INTRODUCTION

Although the comprehensive bailout package of October 2008 saved, at least temporarily, the British banking system from collapse, it failed to stimulate bank lending, as intended.1, 2 As a result, a desperate attempt was made by the Government in January 2009 to try to unblock lending channels, as evidence emerged pointing to a serious contraction in the real economy and the withdrawal of foreign banks – Icelandic, Irish, EU and North American – and others (for example, GE Capital) from UK loan markets. The package, revealed on 19 January,3 comprised seven elements, and was supported by the Financial Services Authority's (FSA's) decision to tweak the rules relating to banks’ (that is, those that benefited from the October 2008 bailout) use of internal models to generate regulatory capital charges – by switching from a ‘point-in-time’ to a ‘through-the-cycle’ assessment basis, the probability of loan default can now be averaged over the economic cycle rather than being based on the most recent, and hence more dismal, data – in order to increase the banks’ capacity to lend in the downturn.4, 5 The FSA has also indicated its willingness to treat a (post-stress test) 4 per cent core tierone ratio (equivalent to a 6–7 per cent tier one ratio) as an ‘acceptable minimum’, potentially providing further scope for an expansion in bank lending.

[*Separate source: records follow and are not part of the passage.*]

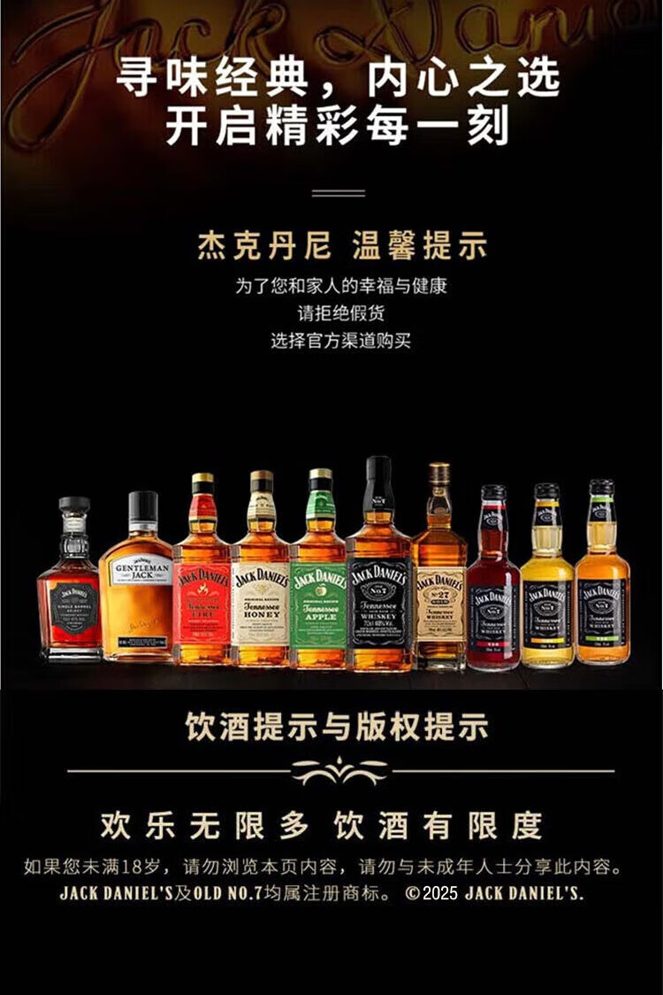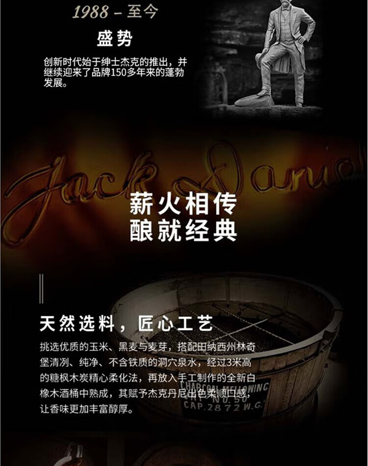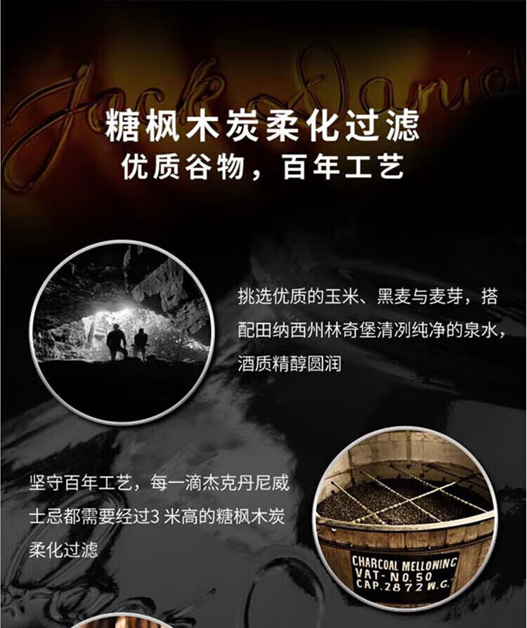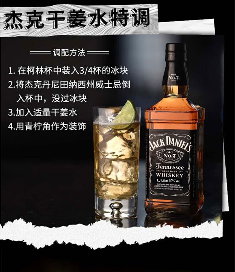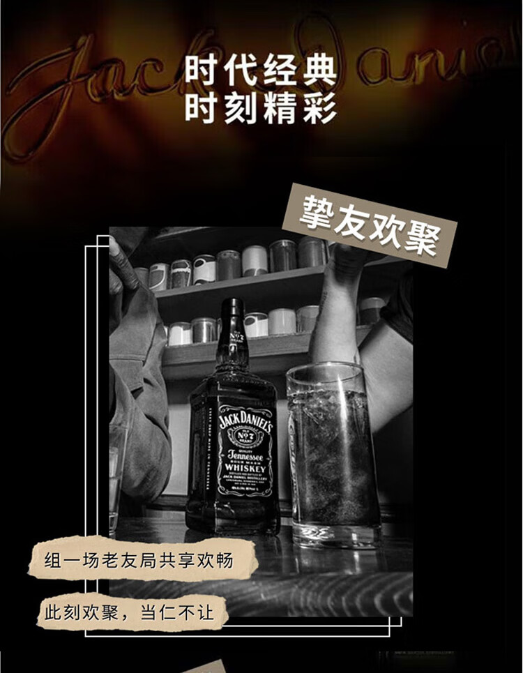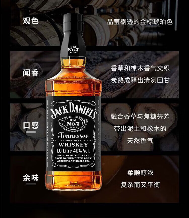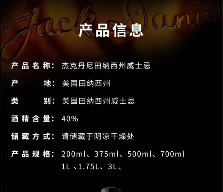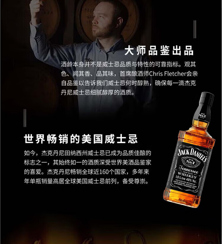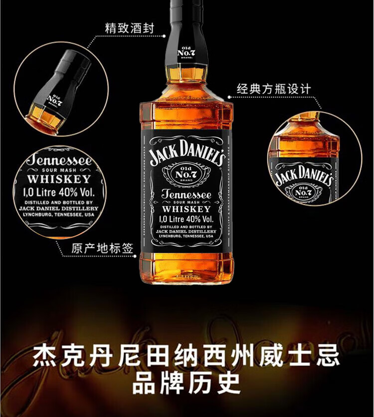 杰克丹尼美国田纳西州 调和型 威士忌 40度 洋酒 黑标 1L*1 送礼
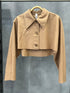 Giacca corta donna dal taglio moderno e minimalista, realizzata in tessuto morbido e caldo effetto lana. Caratterizzata da una linea boxy e da un design cropped che valorizza la silhouette, presenta colletto classico e chiusura frontale con grandi bottoni tono su tono. Le maniche lunghe e ampie donano un tocco contemporaneo e confortevole. Perfetta per completare look eleganti o casual chic, si abbina facilmente a pantaloni a vita alta, gonne o abiti per uno stile sofisticato e versatile adatto a ogni occasione.
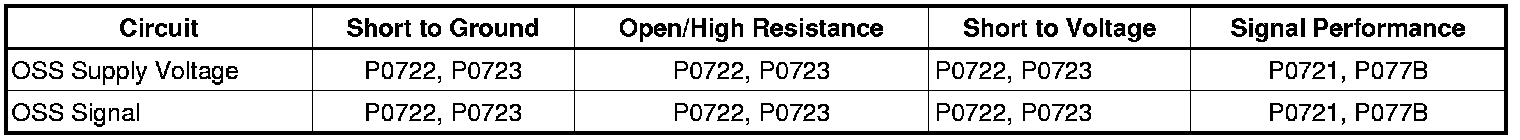 The electronics in the sensor combine the two signals and send a signal with a different pulse width. This signal is interpreted by the transmission control module for speed and direction and is transmitted through the serial data circuits to the engine control module (ECM) and the hybrid powertrain control module. The ECM, hybrid powertrain control module, and transmission control module compare the OSS signal with the anti lock brake system wheel speed sensor signal. The hybrid powertrain control module also compares the output shaft direction with the drive motor 1 and drive motor 2 direction.
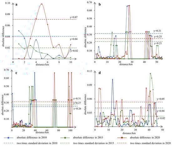 where Dij is the absolute difference of the combined value of the feature group of the jth point on the ith sampling line, and Cij, Cij−1, and Cij+1 are the combined values of the features of the jth, j−1, and j+1 sampling points on the ith sampling line. And Si is the critical threshold value of the breakpoint on the ith sampling line. When Dij is larger than Si, then Dij is labeled as the breakpoint of this sampling line. The absolute difference change curves for the years 2010 and 2020 were produced using the four sampling lines of 0°, 90°, 180°, and 270° as representatives (Figure 6). The dashed line represents the critical threshold of the mutation point for that year, and the points above the dashed line represent the breakpoints on this sampling line. In order to exclude the influence of anomalies on boundary confirmation, sampling points located at the tail end of the sampling line at the administrative boundary and some dispersed anomalies were excluded. The removal of breakpoints was primarily considered from the following perspectives. Firstly, some isolated points were scattered in small areas, failing to form closed regions with neighboring points. Secondly, certain abrupt points were distributed along the boundaries of the study area, which did not align with the understanding of peri-urban areas. Lastly, there were some clustered points, and the removal aimed to eliminate nearby interfering points to clarify connections with adjacent points. Based on these considerations, the removal of certain abrupt points was implemented. Breakpoints were ultimately achieved at the outer fringe boundary for both years (Figure 7). The map of the urban–rural fringe area of Taizhou was obtained by connecting the breakpoints in a smooth order and making some corrections.
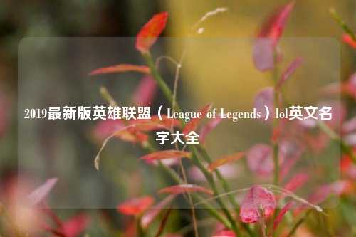 主要提及了英雄联盟及相关内容,英雄联盟广为人知,而这里特别指出了2019最新版的lol英文名字大全,这可能对于那些热衷于英雄联盟游戏,想要为自己的游戏角色取个独特英文名字的玩家具有一定价值,它能为玩家们在游戏世界中展现个性提供更多选择,帮助他们在召唤师峡谷中以别具一格的名称脱颖而出,满足玩家对于游戏角色个性化塑造的需求,在2019年的游戏环境中增添一份独特的风采。

The detailed nature of the latest bailout package, which complements the Government's earlier introduction of a partial (50 per cent) guarantee on up to £20 billion of working capital loans to Small and Medium-sized Entities (SMEs), is duly analysed in the next section before a wider assessment of the likely impact of the package and its chances of success is provided. The final section summarises and concludes.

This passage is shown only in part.